Invisible Man: Barack Obama On National Defense
Issue Brief
Today’s Democratic Party is so stridently opposed to the war in Iraq that it’s hard to believe the same party presided over most of the big military buildups of the last century. Sometimes it seems more like the Democratic Party of Civil War years, which impeded Lincoln’s efforts to win the war at every turn. But precisely because Democrats are so virulently antiwar, as they have been since the Vietnam conflict a generation ago, many voters have a wrongheaded view of where party frontrunner Barack Obama stands on matters of war and peace. Like the main character in Ralph Ellison’s 1953 novel Invisible Man, Obama is a victim of stereotyping — not because he’s black, but because he’s liberal.
So here’s a quick quiz to see how much you know about the national-security views of the junior senator from Illinois. Which candidate told Palestinians before Hamas was elected that America would never recognize their government until it abandoned its campaign to destroy Israel? Which candidate upset environmentalists by backing coal gasification because he thought the nation needed greater energy independence? Which candidate voted to build a fence along the nation’s southern border to prevent unlawful crossings? Which candidate favors the economic and political isolation of Iran if that country continues to pursue nuclear weapons? Sounds a lot like John McCain, but the answer is Barack Obama.
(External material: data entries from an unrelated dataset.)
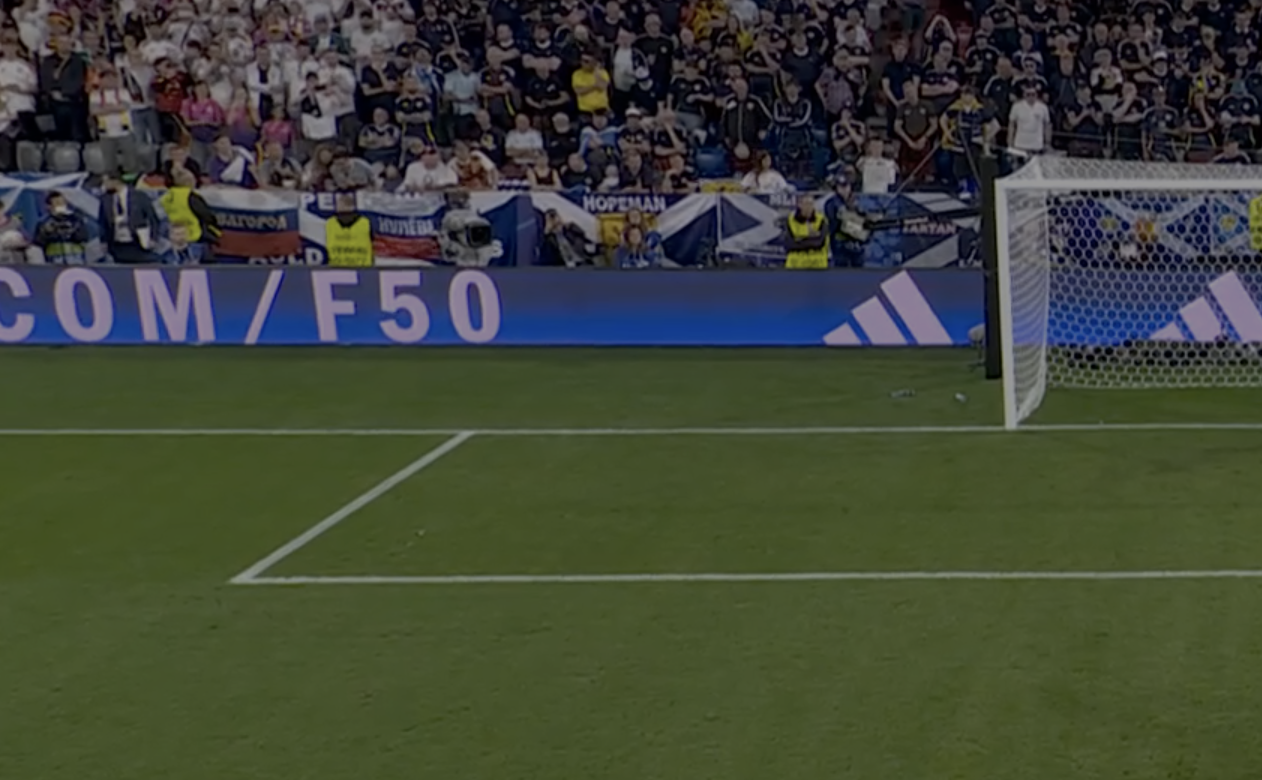 В конце первого тайма при счете 2:0 в пользу хозяев Евро (итоговый счет — 5:1) в ворота шотландцев назначили пенальти. Во время видеоповтора нарушения в кадр попали два российских флага. Их также можно было разглядеть перед исполнением самого 11-метрового. На одном из флагов была надпись «Белгород».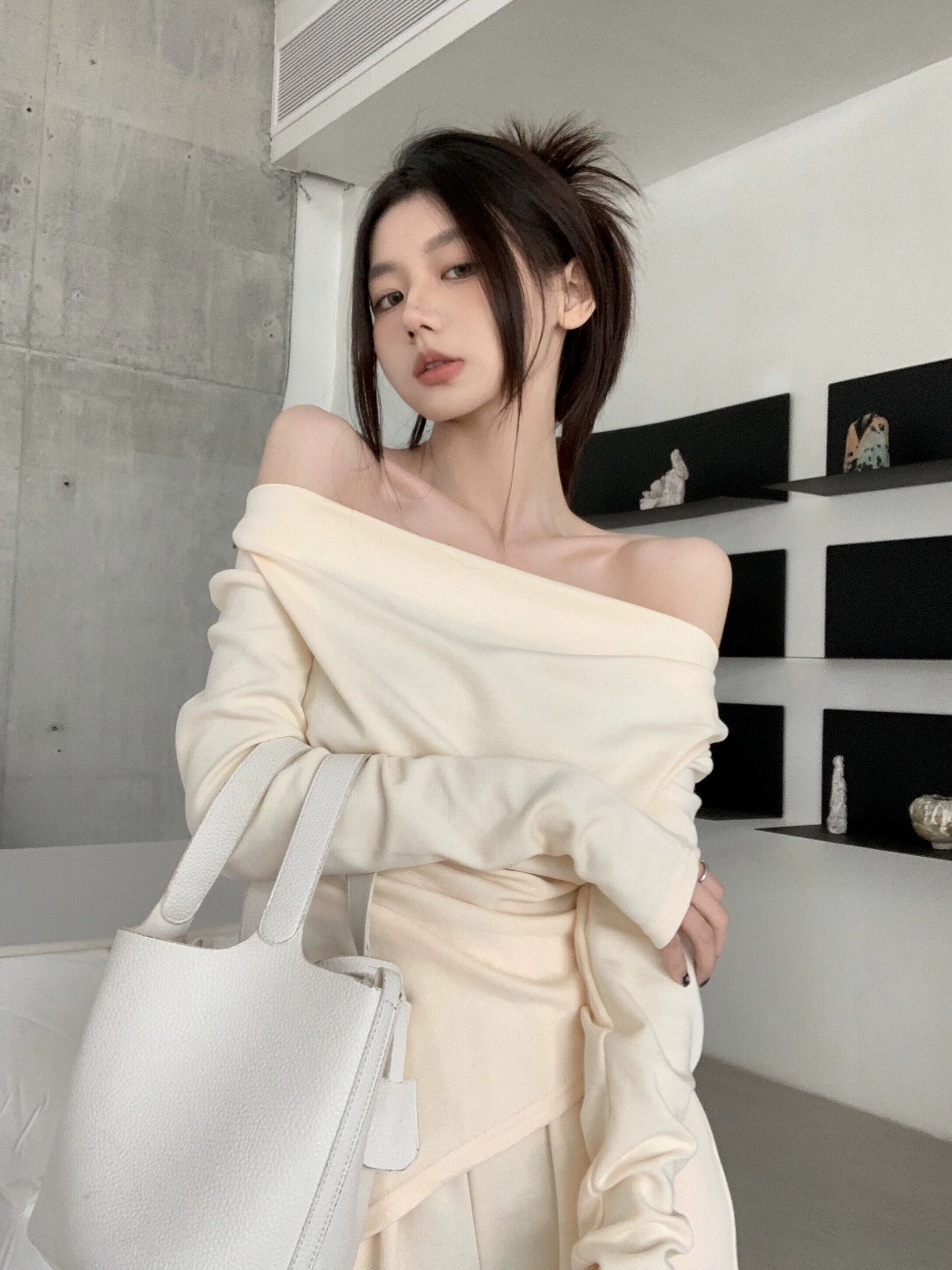 怠惰なスタイルのファッションスーツ女性 2023 春の新しいワンショルダー長袖トップカジュアルパンツ 2 点セット ロング スプリング 春物 0921913468927237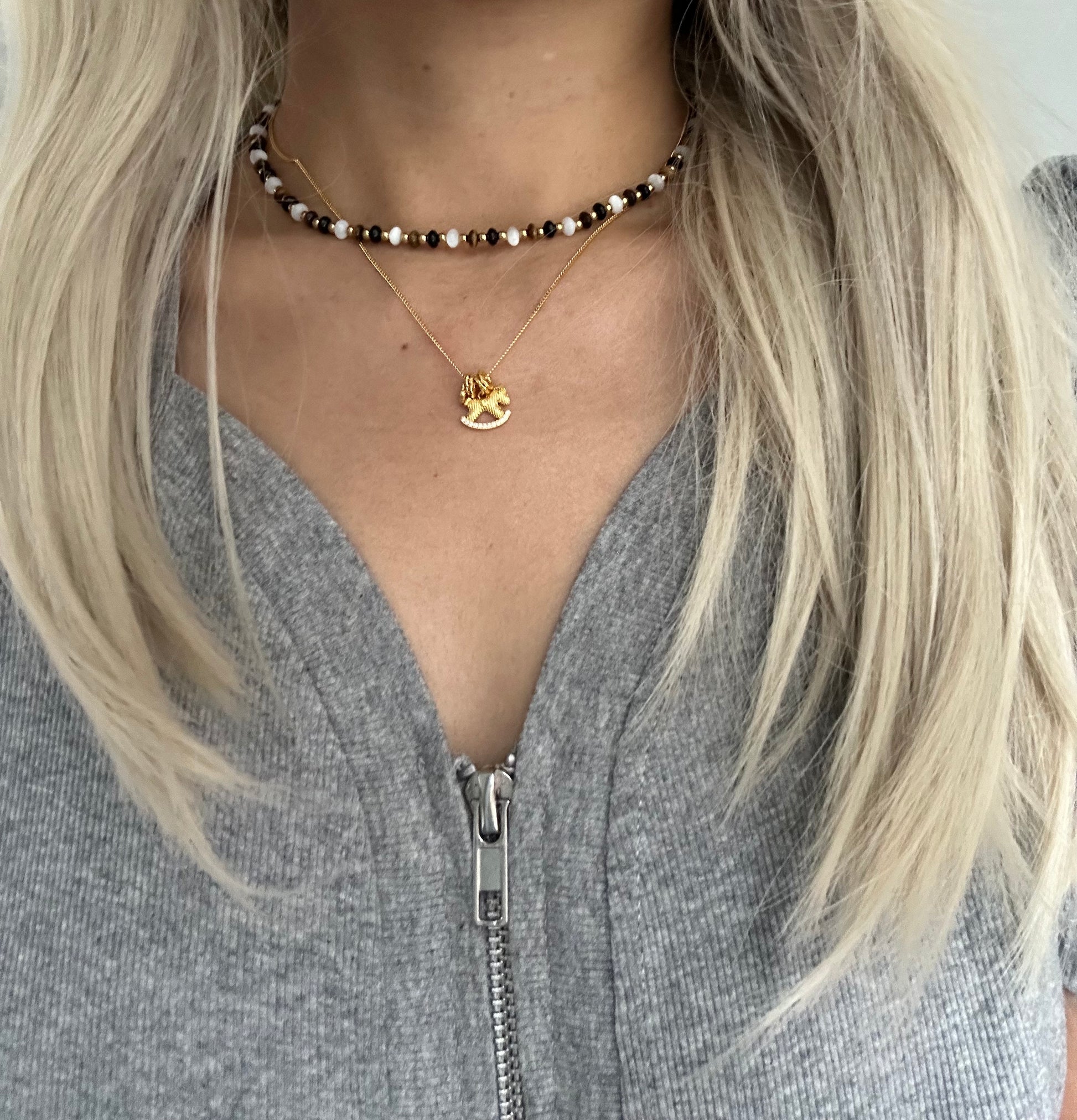 This elegant set features two gold-plated S925 sterling silver necklaces: a Rocking Horse pendant with a sparkling zirconia on a 40cm adjustable chain, and a Tiger's Eye with pearl necklace. Both pieces combine timeless charm and natural beauty, perfect for layering or wearing alone with a refined touch.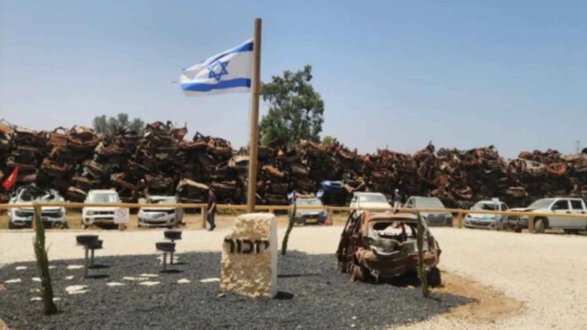 A white pickup from Nir Oz stands apart, doors flung wide, as though the driver might return, as though leaving were still possible.
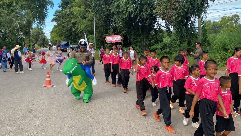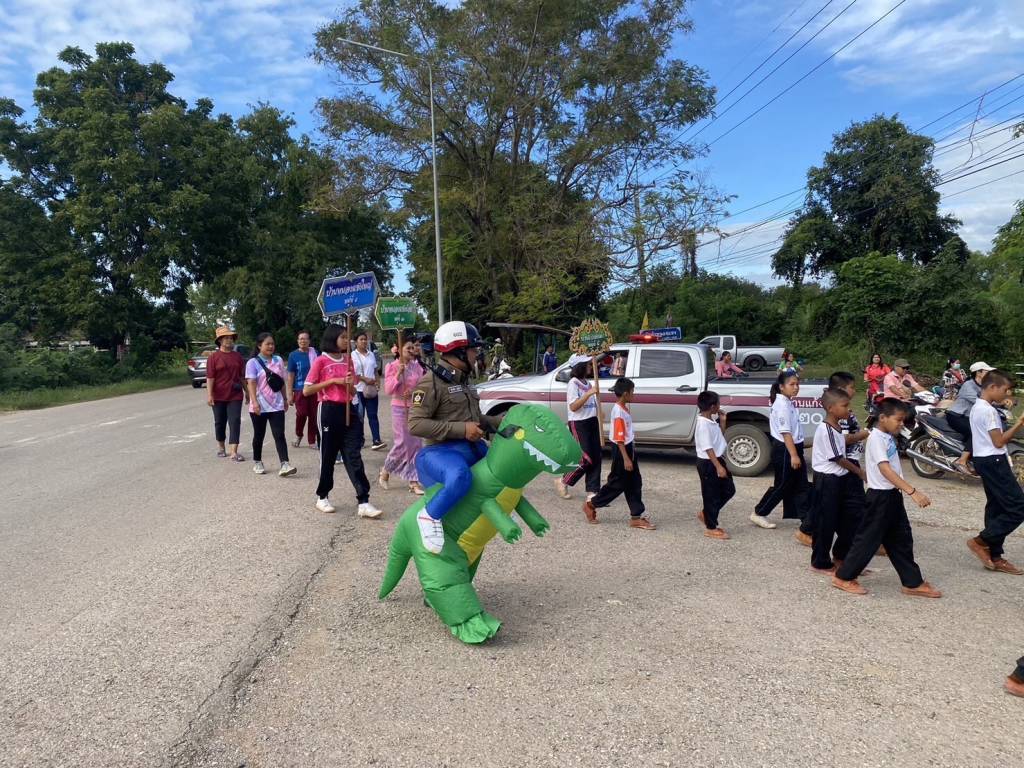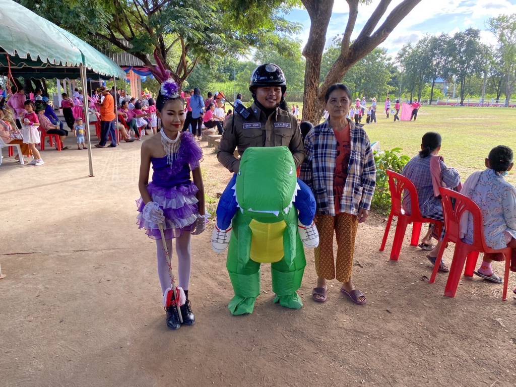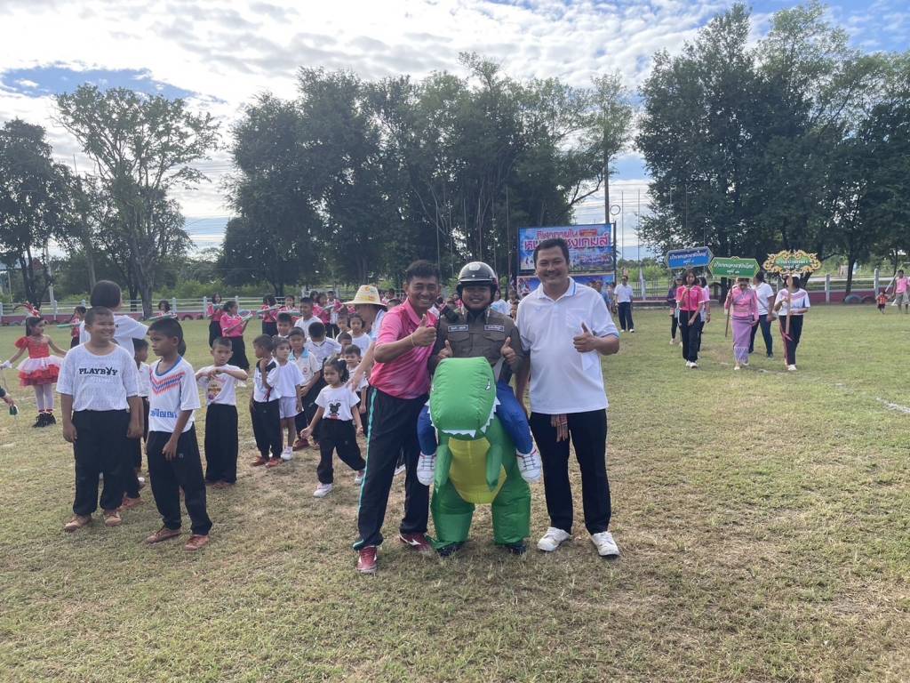 ชัยภูมิ.....สีสันเด็กนักเรียนประถมสนุกเล่นกับตำรวจแต่งไดโนเสาร์ร่วมแข่งขันกีฬาสี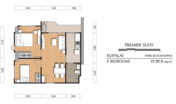 ห้อง 2 Bed Premier Suite ขนาด 52.5 ตร.ม.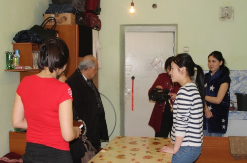 Студенттердин жатаканадагы турмушу менен факультетти деканы Айна Дуйшекеева, окуу иштери боюнча декандын орун басары Татына Токторбаева, кафедра башчылары Бегалы Тагаев (теле-радиожурналистика), Милан Мырзагулов (басма сөз), о.э. окутуучулар Нурлангүл Тилекеева жана Айбек Түмөнбаев таанышты.
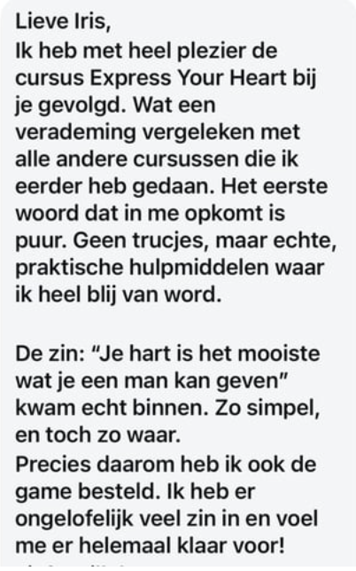 En ook nog eens om o.a. scherp, liefdevol, vrouwelijk en uitnodigend je grenzen, verlangens en gevoelens uit te spreken in de liefde, zodat je niet meer zijn angsten aanspreekt maar zijn verlangens naar jou.

The one thing that Barack Obama has said about war and peace that everyone remembers — because his campaign won’t let us forget — is his 2002 speech opposing the war in Iraq. While other Democrats were lining up behind President Bush’s ill-conceived invasion, Obama said: “I know that even a successful war against Iraq will require a U.S. occupation of undetermined length, at undetermined cost, with undetermined consequences. I know that an invasion of Iraq without a clear rationale and without strong international support will only fan the flames of the Middle East, and encourage the worst, rather than the best, impulses in the Arab world, and strengthen the recruitment arm of Al Qaeda.” Four thousand American lives (and $600 billion) later, it’s obvious he was right.
Obama’s admirers often leave out the next two sentences in the 2002 speech: “I am not opposed to all wars. I am opposed to dumb wars.” However, that comment appears to reflect his actual views, since he went well beyond what other Democratic candidates said in insisting he would attack Al Qaeda strongholds in Pakistan with or without the permission of the Pakistani government. In a July 2007 essay in Foreign Affairs, Obama called for reinforcing U.S. troops in Afghanistan, pressing NATO to send more forces, and pressuring the Pakistanis to prosecute the campaign against the Taliban more vigorously.
The national-security framework Obama set forth in the Foreign Affairs essay was strikingly similar to ideas that George W. Bush advanced as a presidential candidate in 1999 — ideas about revitalizing the military for new challenges, retooling the intelligence community, halting the spread of nuclear weapons, and combating global terrorism. Obama’s approach to pursuing those objectives would undoubtedly look different from the Bush agenda. But once you get beyond Iraq and global warming, Obama and McCain don’t seem all that different in the way they view the world. After serving on the Senate Foreign Relations, Homeland Security, and Veterans’ Affairs Committees for several years, Barack Obama has assimilated the key features of the emerging security environment. He wouldn’t need the kind of education George W. Bush did in 2001 to be a competent Commander in Chief.